* _Exercise requirements_
Print all of the records. Exclude the images.

* _Information_
※

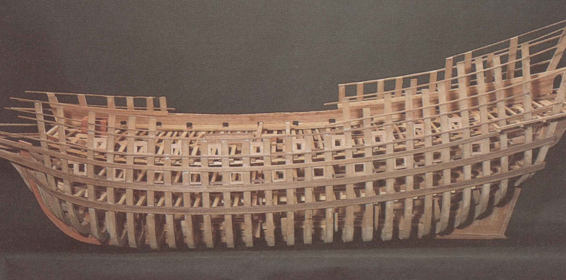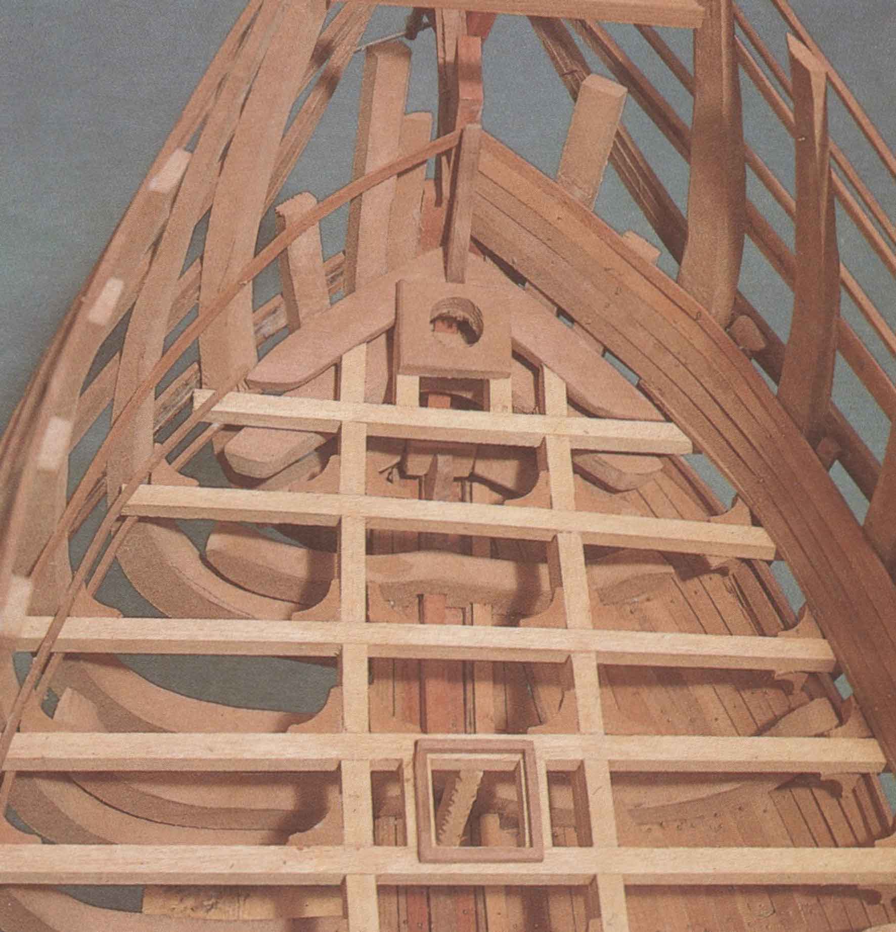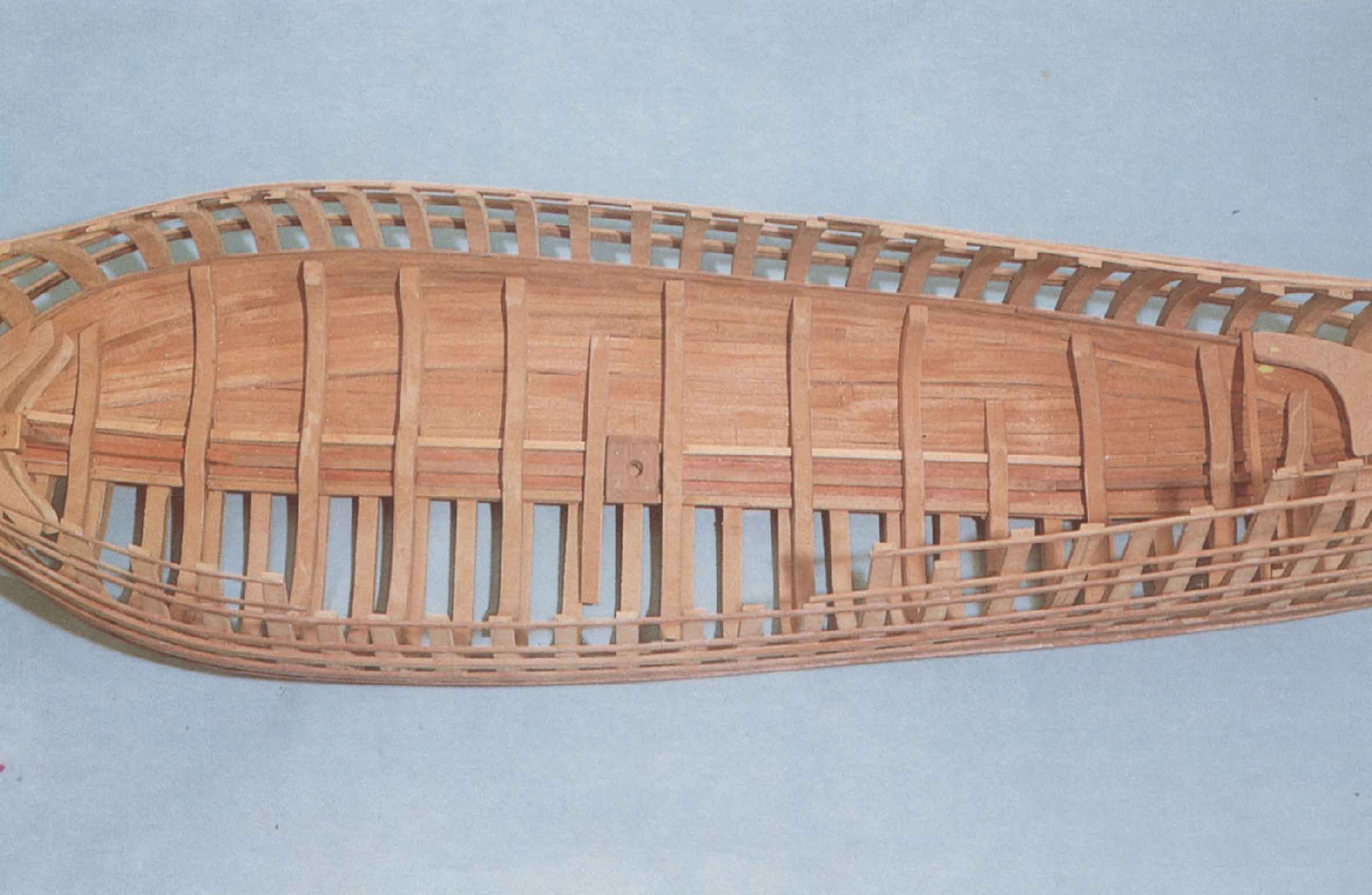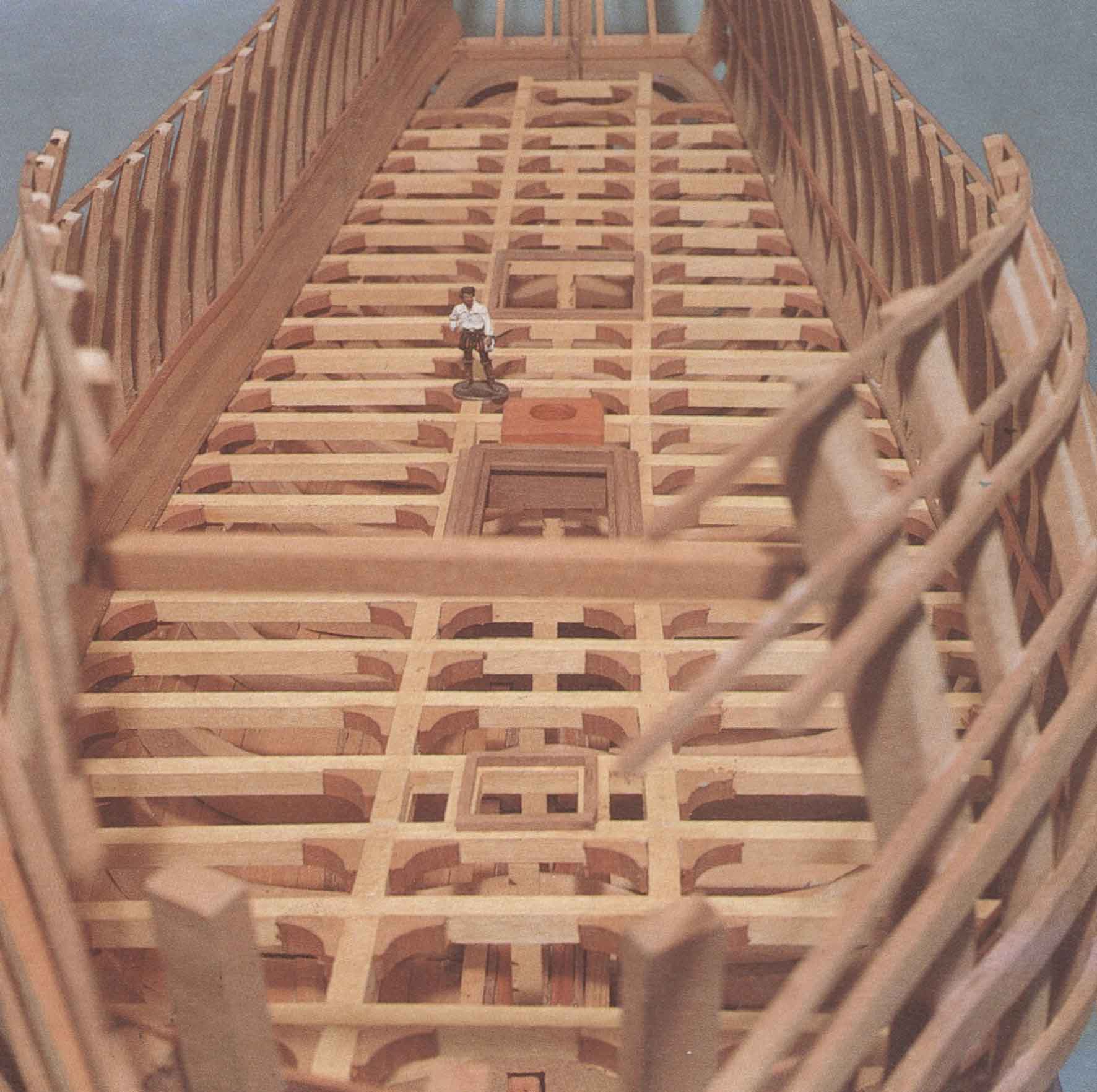 Comenzaremos forrando la bodega hasta la primera cubierta. Sólo forraremos uno de los costados para poder tener acceso visual desde el lado descubierto. Iremos alternando, según los planos, a nuestro propio diseño las tracas simples con los «palmejares», que son a modo de cintones internos y, por lo tanto, más gruesos que los tablones de forro. Debemos lograr que las tracas del forro cercanas a la primera cubierta coincidan con la línea formada por ésta. Así, sobre la última traca clavaremos el durmiente, que es un grueso madero sobre el que se asentarán los baos o vigas que sujetan la cubierta. Como ocurre con el forro exterior, las tracas han de ser talladas a proa y popa para que se adapten a la forma del casco siguiendo la línea marcada por el durmiente, de modo que cada tablón continúe ininterrumpidamente de proa a popa. Todas las tracas serán pegadas y clavadas.Forrada la bodega se colocarán los ángulos, curvatones , buzardas y bularcamas que refuerzan la estructura interna. Estas piezas son en realidad varengas adaptadas a las formas internas del casco, clavadas sobre las verdaderas varengas de las cuadernas, sobre el forro y la quilla. Pueden ser transversales o colocadas en diagonal, según modelos y épocas. Es aconsejable que estas piezas no sean cortadas con bordes precisos y nítidos, sino que se produzcan, tanto en el corte como en el lijado, algunas imperfecciones para imitar el trabajo de azuela de los carpinteros. También se colocarán las carlingas de los mástiles del mayor y trinquete, dejando una abertura en su centro para que encastren sus extremos inferiores.
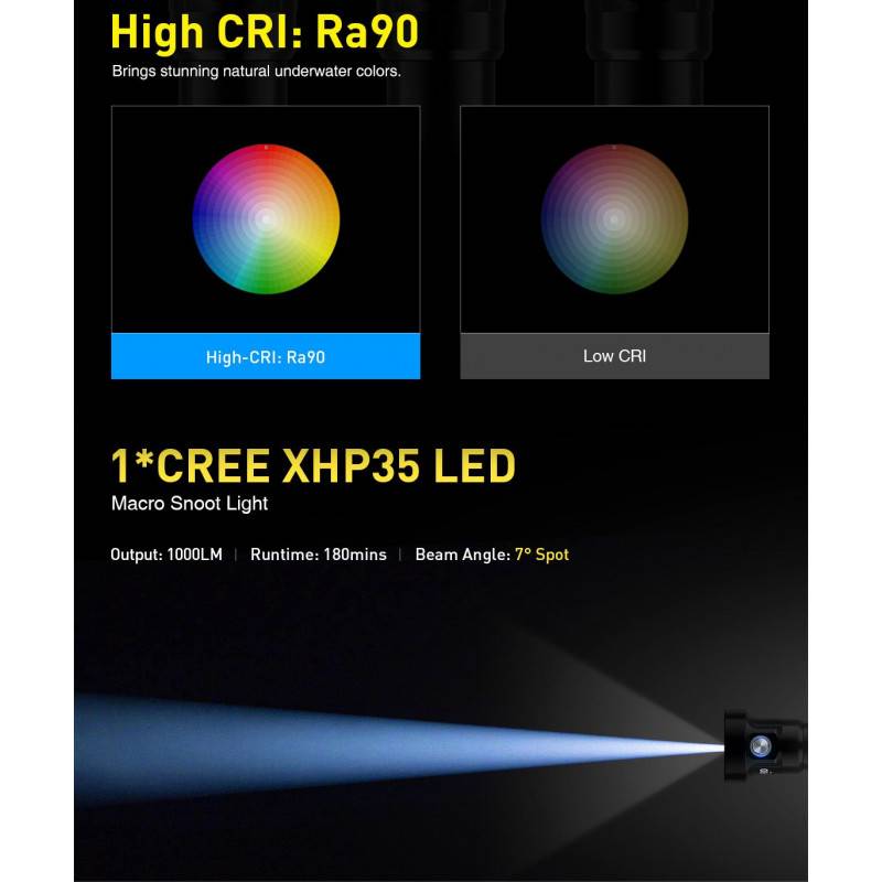 L'angle de faisceau est de 90° dans l'eau pour le 3500Lm et 7° pour le faisceau 1000Lm. Grâce à sa température de couleur est de 5000°K et son CRI Ra90, le vidéaste sous-marin appréciera le rendu des couleurs attendues.
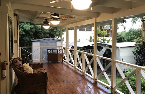 A true Hawaiian-style vacation rental makes you feel welcome in this fully equipped family home. Just steps to the magical blue waters of Kealakekua Bay, you'll be able to swim, snorkel, and paddle practically in your front yard. With a peekaboo ocean view you can see the sparking diamonds on the water just across the street. Stroll across the single-lane road for amazing sunsets and some of the best snorkeling in Hawaii. See spinner dolphins year round, and humpback whales in season. BBQ in the private, fenced garden, and pick your own fruit for breakfast without leaving the yard. Enjoy pleasant quiet evenings on the lanai and marvel at the clear starswept sky. Air conditioners in most rooms, along with cool breezes wafting in off the bay, keep you as comfortable as you want to be. Newer beds, pillows and linens keep you feeling fresh and cozy, and our 10-point cleaning protocol ensures a super clean and tidy home. Solar power and solar hot water heating, along with conventional sources, helps offset one's environmental footprint. Composting, chemical and poison free cleaning products and pest management, scent sensitive practices, and many other modern adaptations to this historic property make it the perfect vacation home for our times.
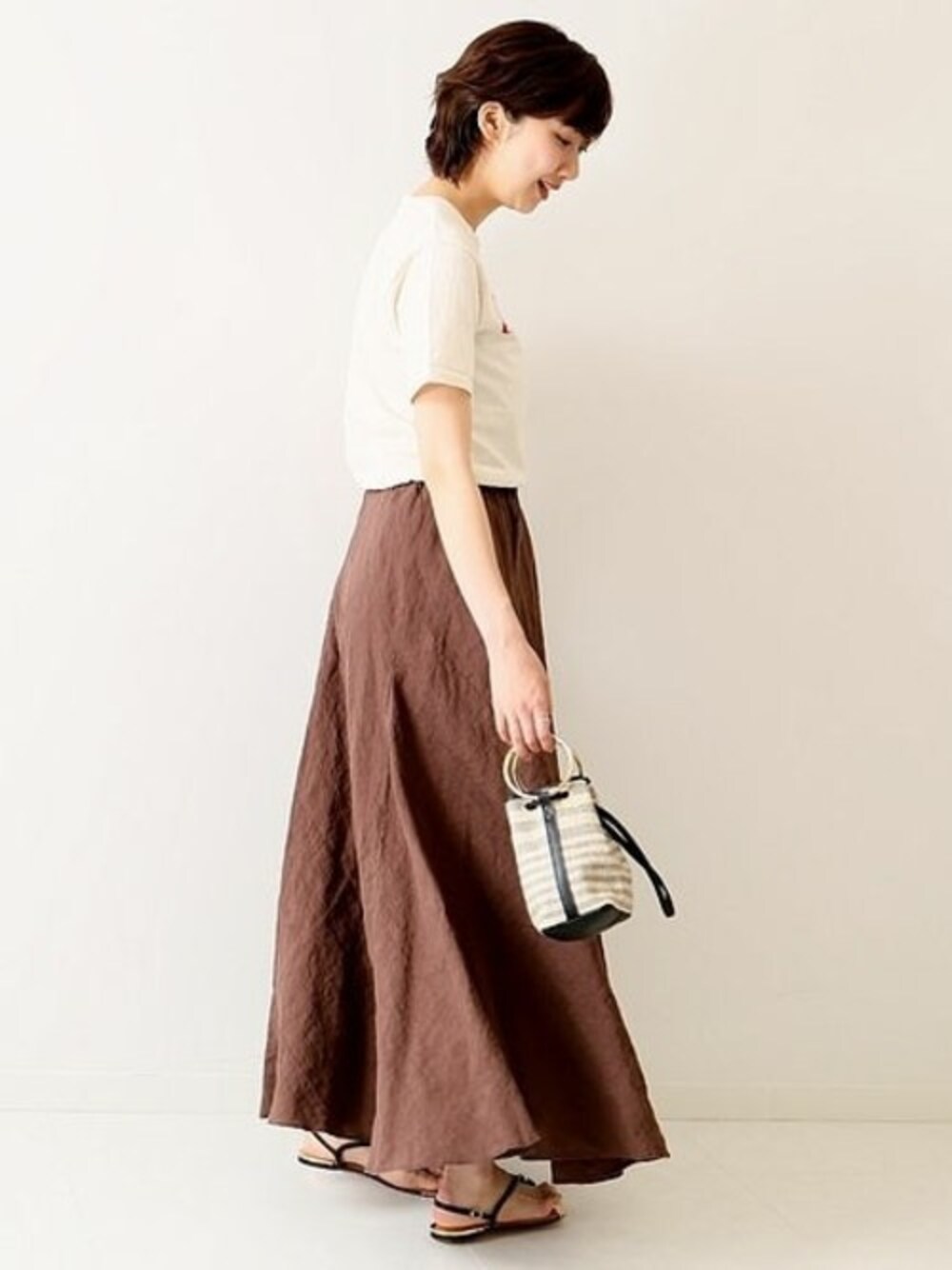 リネンスカート+Tシャツのカジュアルスタイル。 夏にピッタリの涼感フレアスカート。
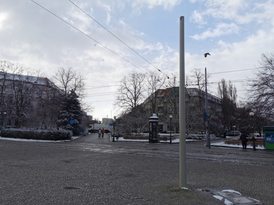 Metalowy słup ustawiony został w centralnej części placu Grunwaldzkiego, tuż obok wyznaczonej drogi rowerowej. – I z kompletnym pominięciem jakiegokolwiek porządku i układu przestrzennego placu. To niedopuszczalne, żeby ta konstrukcja miała pozostać dłużej w tym miejscu – krytykuje radny miejski Przemysław Słowik.
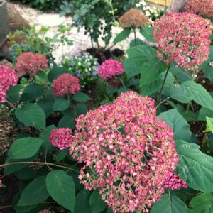 沢山咲いているピンクアナベル 雨☔️でうなだれちゃうかな💦
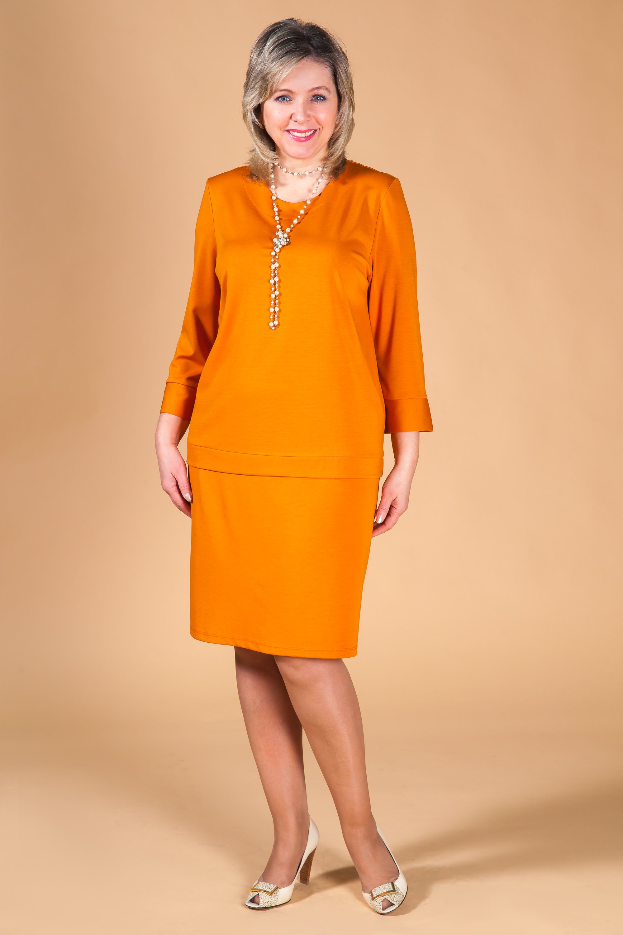 Оранжевое платье для полных
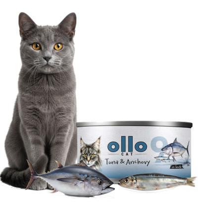 OLLO CAT Nr9 Tuńczyk i Anchois w Sosie Własnym 70g - Tuńczyk i anchois są źródłem wysokiej jakości białka, dostarczają także długołańcuchowych wielonienasyconych kwasów tłuszczowych z serii Omega 3, które są niezbędne dla zapewnienia lśniących włosów i optymalnego zdrowia skóry.
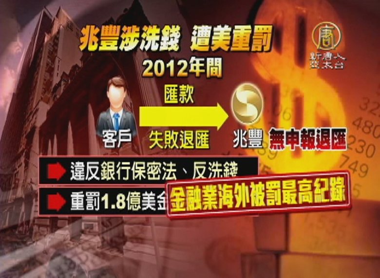 兆豐金旗下的兆豐銀紐約分行,驚傳疑似涉及洗錢,遭美方重罰57億台幣,昨天(8月19日)晚間10點半,兆豐金大動作召開記者會,澄清並沒有洗錢,只是因為紐約分行有應申報而未申報的事情,違反了《反洗錢法》,10天內要繳交完畢,這筆錢相當於紐約分行7年來的獲利,也創下台灣金融業在海外被罰的最高紀錄。 //asset2.ntdtv.com.tw/public/uploads/assets/2016/08/20/2016-08-20-57b853cd77c05.mp4 兆豐銀涉洗錢|兆豐|紐約分行|洗錢|重罰2016-08-24 15:55:04
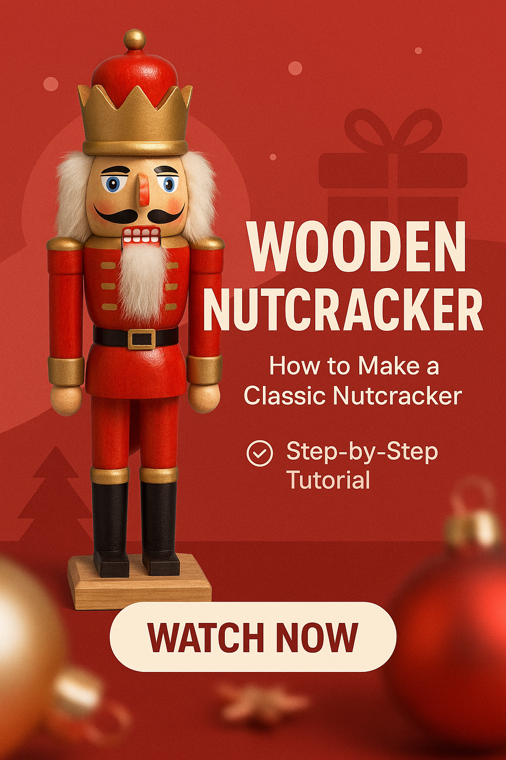 A vibrant promotional graphic for a step-by-step tutorial on making a classic wooden nutcracker. The design features a festive background with holiday elements, ideal for seasonal craft enthusiasts.

※

* _Output for this task_
 Comenzaremos forrando la bodega hasta la primera cubierta. Sólo forraremos uno de los costados para poder tener acceso visual desde el lado descubierto. Iremos alternando, según los planos, a nuestro propio diseño las tracas simples con los «palmejares», que son a modo de cintones internos y, por lo tanto, más gruesos que los tablones de forro. Debemos lograr que las tracas del forro cercanas a la primera cubierta coincidan con la línea formada por ésta. Así, sobre la última traca clavaremos el durmiente, que es un grueso madero sobre el que se asentarán los baos o vigas que sujetan la cubierta. Como ocurre con el forro exterior, las tracas han de ser talladas a proa y popa para que se adapten a la forma del casco siguiendo la línea marcada por el durmiente, de modo que cada tablón continúe ininterrumpidamente de proa a popa. Todas las tracas serán pegadas y clavadas.Forrada la bodega se colocarán los ángulos, curvatones , buzardas y bularcamas que refuerzan la estructura interna. Estas piezas son en realidad varengas adaptadas a las formas internas del casco, clavadas sobre las verdaderas varengas de las cuadernas, sobre el forro y la quilla. Pueden ser transversales o colocadas en diagonal, según modelos y épocas. Es aconsejable que estas piezas no sean cortadas con bordes precisos y nítidos, sino que se produzcan, tanto en el corte como en el lijado, algunas imperfecciones para imitar el trabajo de azuela de los carpinteros. También se colocarán las carlingas de los mástiles del mayor y trinquete, dejando una abertura en su centro para que encastren sus extremos inferiores.
 L'angle de faisceau est de 90° dans l'eau pour le 3500Lm et 7° pour le faisceau 1000Lm. Grâce à sa température de couleur est de 5000°K et son CRI Ra90, le vidéaste sous-marin appréciera le rendu des couleurs attendues.
 A true Hawaiian-style vacation rental makes you feel welcome in this fully equipped family home. Just steps to the magical blue waters of Kealakekua Bay, you'll be able to swim, snorkel, and paddle practically in your front yard. With a peekaboo ocean view you can see the sparking diamonds on the water just across the street. Stroll across the single-lane road for amazing sunsets and some of the best snorkeling in Hawaii. See spinner dolphins year round, and humpback whales in season. BBQ in the private, fenced garden, and pick your own fruit for breakfast without leaving the yard. Enjoy pleasant quiet evenings on the lanai and marvel at the clear starswept sky. Air conditioners in most rooms, along with cool breezes wafting in off the bay, keep you as comfortable as you want to be. Newer beds, pillows and linens keep you feeling fresh and cozy, and our 10-point cleaning protocol ensures a super clean and tidy home. Solar power and solar hot water heating, along with conventional sources, helps offset one's environmental footprint. Composting, chemical and poison free cleaning products and pest management, scent sensitive practices, and many other modern adaptations to this historic property make it the perfect vacation home for our times.
 リネンスカート+Tシャツのカジュアルスタイル。 夏にピッタリの涼感フレアスカート。
 Metalowy słup ustawiony został w centralnej części placu Grunwaldzkiego, tuż obok wyznaczonej drogi rowerowej. – I z kompletnym pominięciem jakiegokolwiek porządku i układu przestrzennego placu. To niedopuszczalne, żeby ta konstrukcja miała pozostać dłużej w tym miejscu – krytykuje radny miejski Przemysław Słowik.
 沢山咲いているピンクアナベル 雨☔️でうなだれちゃうかな💦
 Оранжевое платье для полных
 OLLO CAT Nr9 Tuńczyk i Anchois w Sosie Własnym 70g - Tuńczyk i anchois są źródłem wysokiej jakości białka, dostarczają także długołańcuchowych wielonienasyconych kwasów tłuszczowych z serii Omega 3, które są niezbędne dla zapewnienia lśniących włosów i optymalnego zdrowia skóry.
 兆豐金旗下的兆豐銀紐約分行,驚傳疑似涉及洗錢,遭美方重罰57億台幣,昨天(8月19日)晚間10點半,兆豐金大動作召開記者會,澄清並沒有洗錢,只是因為紐約分行有應申報而未申報的事情,違反了《反洗錢法》,10天內要繳交完畢,這筆錢相當於紐約分行7年來的獲利,也創下台灣金融業在海外被罰的最高紀錄。 //asset2.ntdtv.com.tw/public/uploads/assets/2016/08/20/2016-08-20-57b853cd77c05.mp4 兆豐銀涉洗錢|兆豐|紐約分行|洗錢|重罰2016-08-24 15:55:04
 A vibrant promotional graphic for a step-by-step tutorial on making a classic wooden nutcracker. The design features a festive background with holiday elements, ideal for seasonal craft enthusiasts.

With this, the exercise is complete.